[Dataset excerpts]
"""
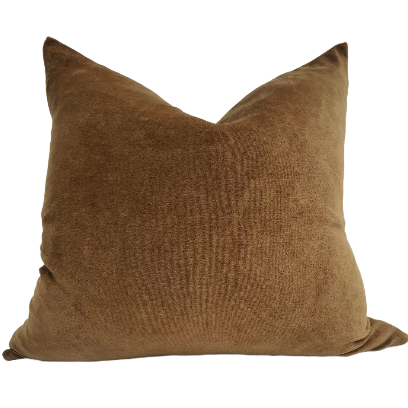 Fontainebleau Cotton Velvet & French Linen Cushion 55cm - Toffee
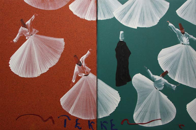 MONDINO Aldo (Torino 04/10/1938 - Torino 10/03/2005) Dervisci olio su linoleum cm. 80 X 120 Tecnica, titolo, firma 'Dittico, Dervisci, Mondino' (al retro) Autentica dell'artista su fotografia Bibliografia: A. Fiz, 'Aldo Mondino. Il viaggio', Poleschi Arte, Milano, 2002, pp. 42-43
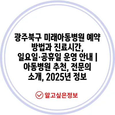 광주북구 미래아동병원 예약 방법과 진료시간, 일요일·공휴일 운영 공지 | 아동병원 추천, 전연락 소개, 2025년 정보 에 대해 자주 묻는 질문 TOP 5
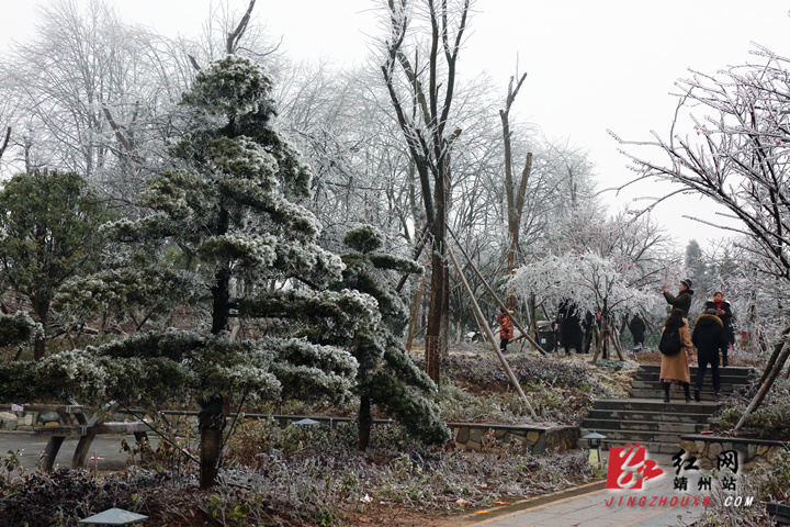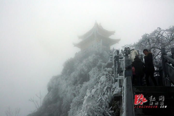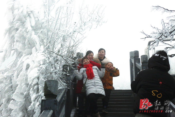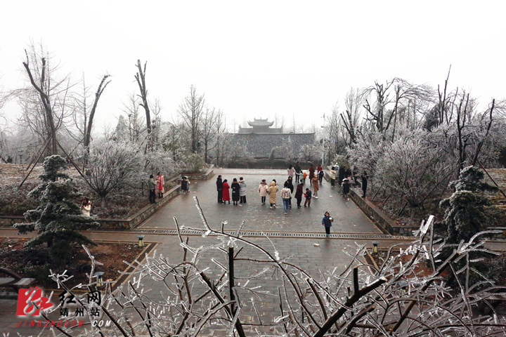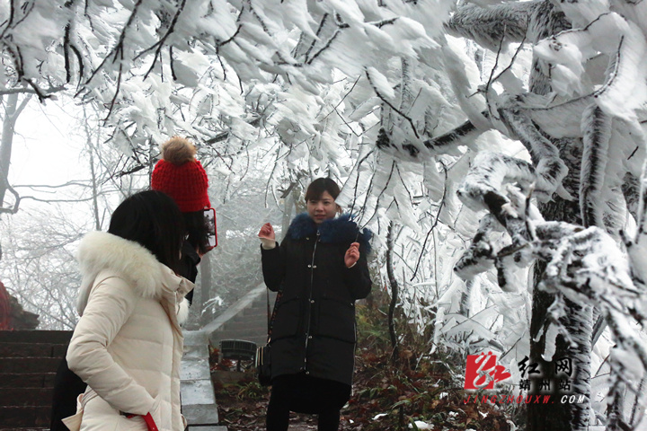 飞山雾凇美景,引来游客络绎不绝。 何嫘 摄
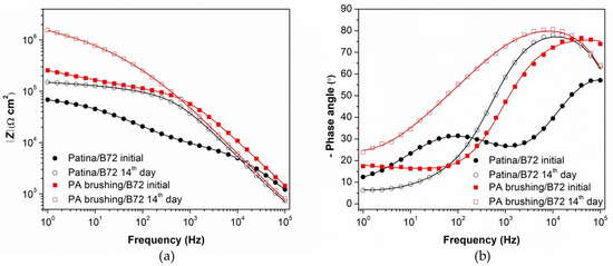 EIS—Bode plots for Paraloid B-72 and PA brushing 5×, D 80 °C /Paraloid B-72 protected patina measured first and 14th day of immersion: (a) impedance modulus, (b) phase angle. Symbols: experimental data; solid lines: modeled data according to electrical equivalent circuits given in Figure 7.
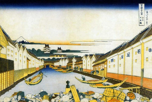 Mount Fuji And Edo Castle Seen From Nihonbashi 1834 White Modern Wood Framed Art Print with Double Matting by Hokusai
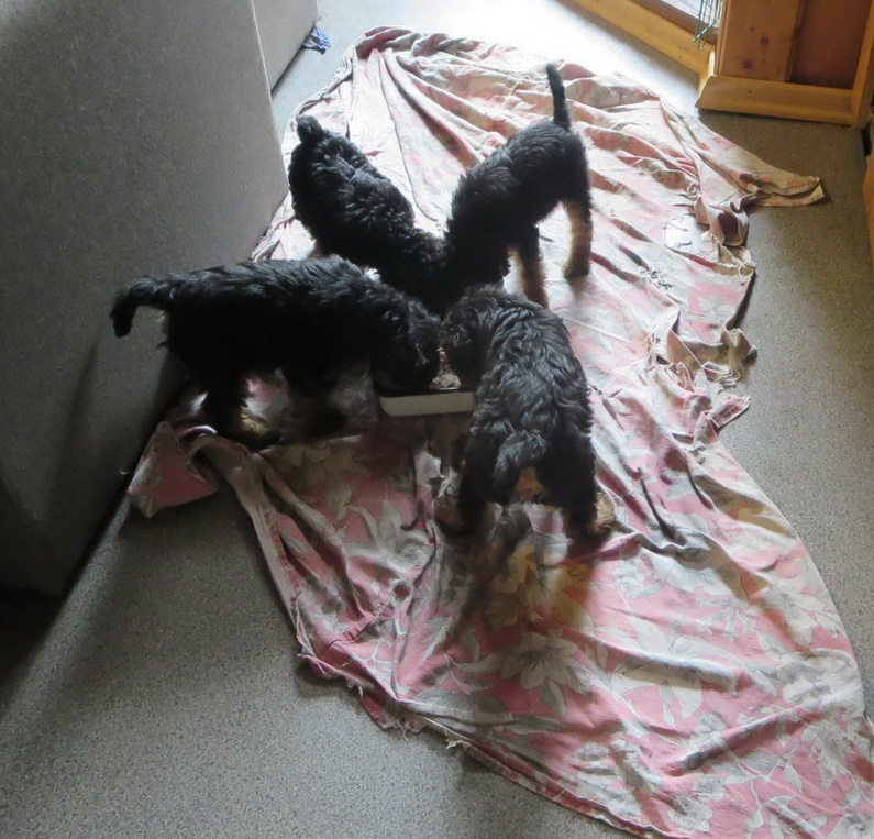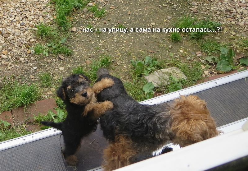 а тут, где живут щенки, щенки утром были отправлены во двор, вместе с мамой, чтобы не мешали уборке и приготовлению завтрака.
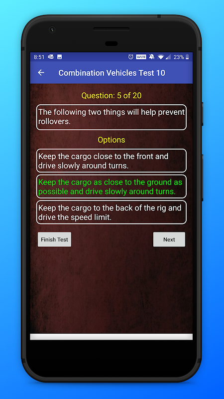 Test pojazdów kombinowanych – CDL to bezpłatna aplikacja przygotowująca do testu pojazdów kombinowanych CDL. Rekomendacja pojazdu kombinowanego CDL to doskonały wybór dla tych, którzy chcą naprawdę zwiększyć liczbę pojazdów, którymi mogą jeździć. Pojazdy kombinowane to pojazdy z ciągnikiem i wieloma przyczepami, często przyczepy o różnych rozmiarach i układach. Pomyślne prowadzenie tych ciężarówek na poziomie regionalnym, lokalnym lub krajowym wymaga specjalistycznej wiedzy i doświadczenia w prowadzeniu pojazdów. Możesz zarabiać wyższą pensję lub mieć lepsze perspektywy pracy, jeśli możesz podejmować się bardziej skomplikowanych zaciągów. Ta aplikacja zawiera pytania z rzeczywistego egzaminu na pojazdy kombinowane, który odbył się w 2017, 2018, 2019, 2020, 2021 i 2022 roku.
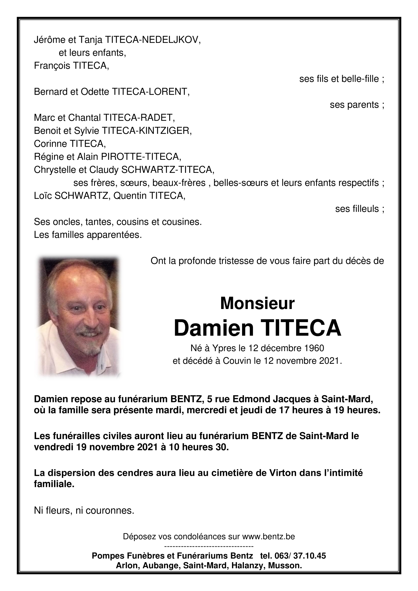 Décédé à Couvin (5660) le vendredi 12 novembre 2021 à l'âge de 60 ans
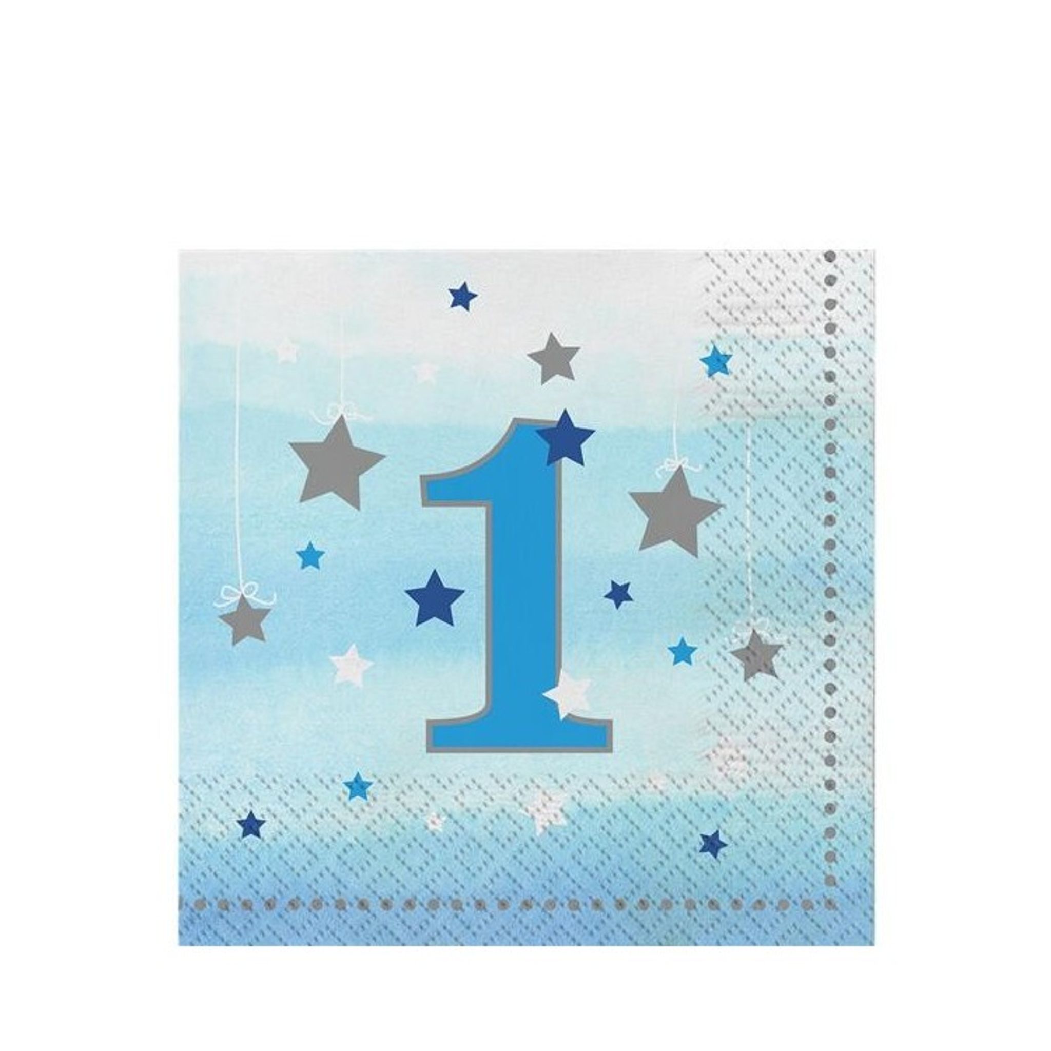 16 st lunchservetter i fin ljusblå färg med stjärnor och en blå 1. Duka snyggt med servetter till 1 årskalaset som skall gå i blått. Kombinera gärna våra övriga kalastillbehör i samma serie och du skapar snabbt och enkelt en fin dukning till den lilla 1 åringens första födelsedagsfest. Storlek 33 x 33 cm i utvikt mått
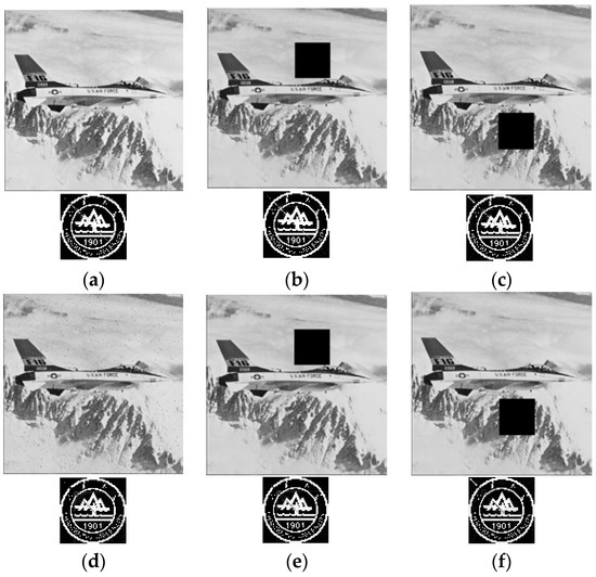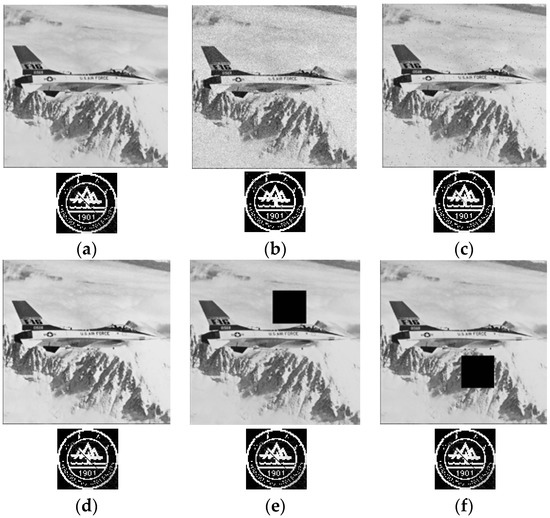 Moreover, the watermarked image will suffer various types of attacks in the transmission procedures. The performance of the APDCBT-based algorithm is presented in Figure 8, in which (a–f) are watermarked images and extracted watermarks based on APDCBT after five types of attacks: Gaussian noise (0, 0.01), salt and pepper noise (0.01), JPEG compression (QF = 100), cropping the sparse region (100 × 100), and cropping the dense region (100 × 100), which are labeled as 2 to 6, respectively. Furthermore, the result with no attack is labeled as 1.
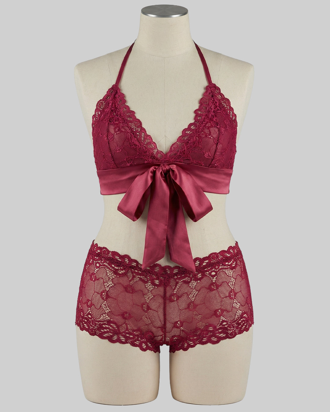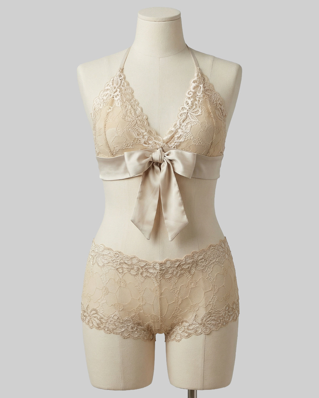 A refined expression of femininity, this lace and satin lingerie set blends delicate transparency with smooth, luxurious shine.
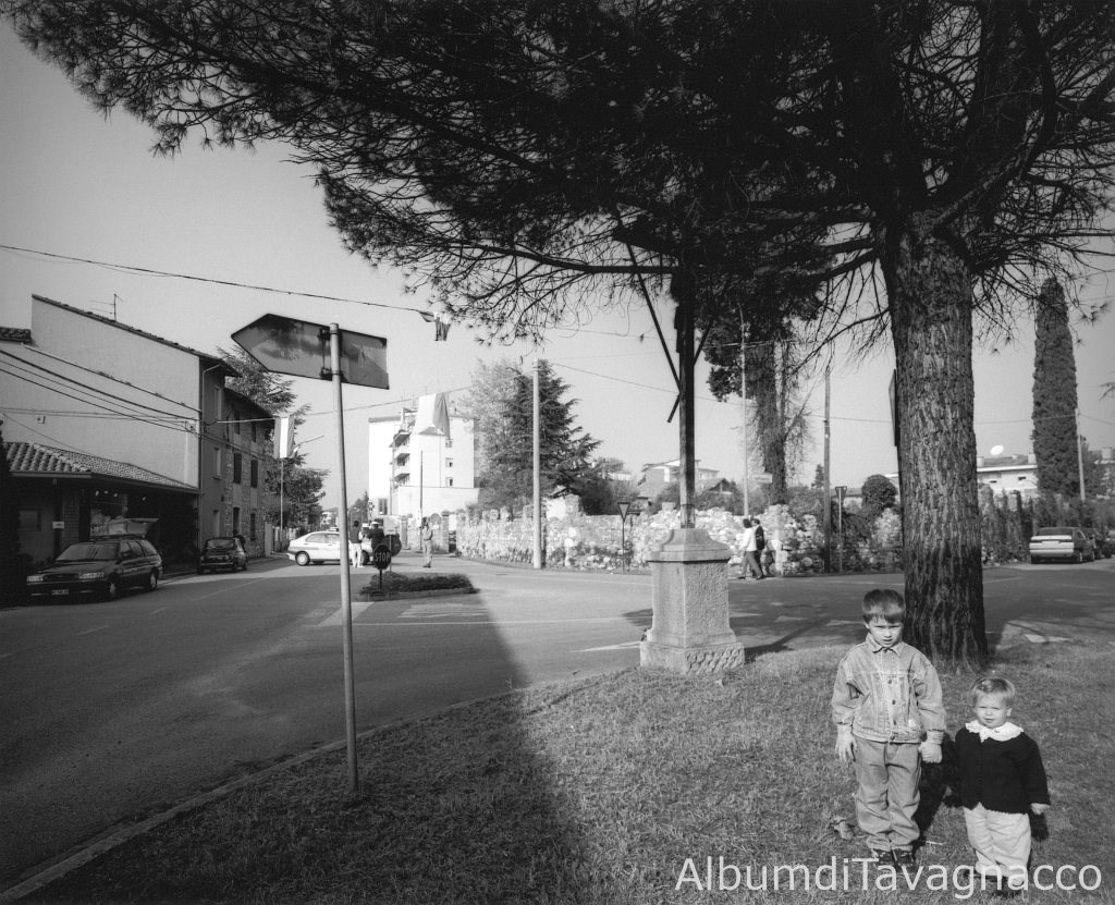 Bambino. - Bambina. - Aiuola. - Alberi. - Viale IV Novembre. - Via P. Micca. - Cartello stradale. - Muretto. - Case. - Palazzina. - Crocefisso
"""
• [Your assignment]
Your task is an exact transcription of all the data, minus the pictures.

• [Solution]
 Fontainebleau Cotton Velvet & French Linen Cushion 55cm - Toffee
 MONDINO Aldo (Torino 04/10/1938 - Torino 10/03/2005) Dervisci olio su linoleum cm. 80 X 120 Tecnica, titolo, firma 'Dittico, Dervisci, Mondino' (al retro) Autentica dell'artista su fotografia Bibliografia: A. Fiz, 'Aldo Mondino. Il viaggio', Poleschi Arte, Milano, 2002, pp. 42-43
 광주북구 미래아동병원 예약 방법과 진료시간, 일요일·공휴일 운영 공지 | 아동병원 추천, 전연락 소개, 2025년 정보 에 대해 자주 묻는 질문 TOP 5
 飞山雾凇美景,引来游客络绎不绝。 何嫘 摄
 EIS—Bode plots for Paraloid B-72 and PA brushing 5×, D 80 °C /Paraloid B-72 protected patina measured first and 14th day of immersion: (a) impedance modulus, (b) phase angle. Symbols: experimental data; solid lines: modeled data according to electrical equivalent circuits given in Figure 7.
 Mount Fuji And Edo Castle Seen From Nihonbashi 1834 White Modern Wood Framed Art Print with Double Matting by Hokusai
 а тут, где живут щенки, щенки утром были отправлены во двор, вместе с мамой, чтобы не мешали уборке и приготовлению завтрака.
 Test pojazdów kombinowanych – CDL to bezpłatna aplikacja przygotowująca do testu pojazdów kombinowanych CDL. Rekomendacja pojazdu kombinowanego CDL to doskonały wybór dla tych, którzy chcą naprawdę zwiększyć liczbę pojazdów, którymi mogą jeździć. Pojazdy kombinowane to pojazdy z ciągnikiem i wieloma przyczepami, często przyczepy o różnych rozmiarach i układach. Pomyślne prowadzenie tych ciężarówek na poziomie regionalnym, lokalnym lub krajowym wymaga specjalistycznej wiedzy i doświadczenia w prowadzeniu pojazdów. Możesz zarabiać wyższą pensję lub mieć lepsze perspektywy pracy, jeśli możesz podejmować się bardziej skomplikowanych zaciągów. Ta aplikacja zawiera pytania z rzeczywistego egzaminu na pojazdy kombinowane, który odbył się w 2017, 2018, 2019, 2020, 2021 i 2022 roku.
 Décédé à Couvin (5660) le vendredi 12 novembre 2021 à l'âge de 60 ans
 16 st lunchservetter i fin ljusblå färg med stjärnor och en blå 1. Duka snyggt med servetter till 1 årskalaset som skall gå i blått. Kombinera gärna våra övriga kalastillbehör i samma serie och du skapar snabbt och enkelt en fin dukning till den lilla 1 åringens första födelsedagsfest. Storlek 33 x 33 cm i utvikt mått
 Moreover, the watermarked image will suffer various types of attacks in the transmission procedures. The performance of the APDCBT-based algorithm is presented in Figure 8, in which (a–f) are watermarked images and extracted watermarks based on APDCBT after five types of attacks: Gaussian noise (0, 0.01), salt and pepper noise (0.01), JPEG compression (QF = 100), cropping the sparse region (100 × 100), and cropping the dense region (100 × 100), which are labeled as 2 to 6, respectively. Furthermore, the result with no attack is labeled as 1.
 A refined expression of femininity, this lace and satin lingerie set blends delicate transparency with smooth, luxurious shine.
 Bambino. - Bambina. - Aiuola. - Alberi. - Viale IV Novembre. - Via P. Micca. - Cartello stradale. - Muretto. - Case. - Palazzina. - Crocefisso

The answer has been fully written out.